**Work order**
Sift through the material below and return the lines with "Living".
--- Dataset excerpts Enclosed Below ---
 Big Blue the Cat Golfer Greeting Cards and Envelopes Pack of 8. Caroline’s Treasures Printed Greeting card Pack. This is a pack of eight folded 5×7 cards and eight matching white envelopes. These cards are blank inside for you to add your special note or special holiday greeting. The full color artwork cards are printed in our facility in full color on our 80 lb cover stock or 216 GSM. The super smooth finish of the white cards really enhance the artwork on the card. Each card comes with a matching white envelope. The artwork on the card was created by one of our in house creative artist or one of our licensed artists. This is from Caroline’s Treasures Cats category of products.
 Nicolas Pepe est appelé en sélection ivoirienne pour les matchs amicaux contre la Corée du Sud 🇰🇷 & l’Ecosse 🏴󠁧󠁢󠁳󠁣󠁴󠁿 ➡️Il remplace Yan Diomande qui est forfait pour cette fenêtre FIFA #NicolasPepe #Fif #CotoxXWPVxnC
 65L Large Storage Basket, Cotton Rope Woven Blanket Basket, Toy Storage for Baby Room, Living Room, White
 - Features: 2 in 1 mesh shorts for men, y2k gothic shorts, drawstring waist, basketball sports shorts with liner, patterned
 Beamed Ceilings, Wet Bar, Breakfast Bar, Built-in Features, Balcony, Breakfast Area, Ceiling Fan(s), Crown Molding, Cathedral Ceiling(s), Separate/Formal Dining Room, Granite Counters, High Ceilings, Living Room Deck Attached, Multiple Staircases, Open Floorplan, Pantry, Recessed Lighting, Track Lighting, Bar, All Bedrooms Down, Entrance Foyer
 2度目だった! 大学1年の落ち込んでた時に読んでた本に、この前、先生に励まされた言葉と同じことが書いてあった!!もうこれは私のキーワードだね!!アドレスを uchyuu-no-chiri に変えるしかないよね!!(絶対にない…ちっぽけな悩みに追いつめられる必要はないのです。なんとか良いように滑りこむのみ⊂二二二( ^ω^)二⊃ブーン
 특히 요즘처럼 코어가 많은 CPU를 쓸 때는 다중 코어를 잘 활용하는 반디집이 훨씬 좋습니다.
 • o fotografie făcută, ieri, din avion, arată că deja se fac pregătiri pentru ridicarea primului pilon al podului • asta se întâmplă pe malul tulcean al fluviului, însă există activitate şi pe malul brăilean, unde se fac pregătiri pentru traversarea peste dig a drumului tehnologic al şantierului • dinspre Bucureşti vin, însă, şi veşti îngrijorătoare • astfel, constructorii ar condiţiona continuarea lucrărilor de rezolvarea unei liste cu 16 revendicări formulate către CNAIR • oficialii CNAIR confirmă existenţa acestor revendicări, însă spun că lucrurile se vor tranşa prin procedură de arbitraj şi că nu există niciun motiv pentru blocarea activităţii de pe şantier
--- End of Enclosed Dataset excerpts ---
**Response box**
 65L Large Storage Basket, Cotton Rope Woven Blanket Basket, Toy Storage for Baby Room, Living Room, White
 Beamed Ceilings, Wet Bar, Breakfast Bar, Built-in Features, Balcony, Breakfast Area, Ceiling Fan(s), Crown Molding, Cathedral Ceiling(s), Separate/Formal Dining Room, Granite Counters, High Ceilings, Living Room Deck Attached, Multiple Staircases, Open Floorplan, Pantry, Recessed Lighting, Track Lighting, Bar, All Bedrooms Down, Entrance Foyer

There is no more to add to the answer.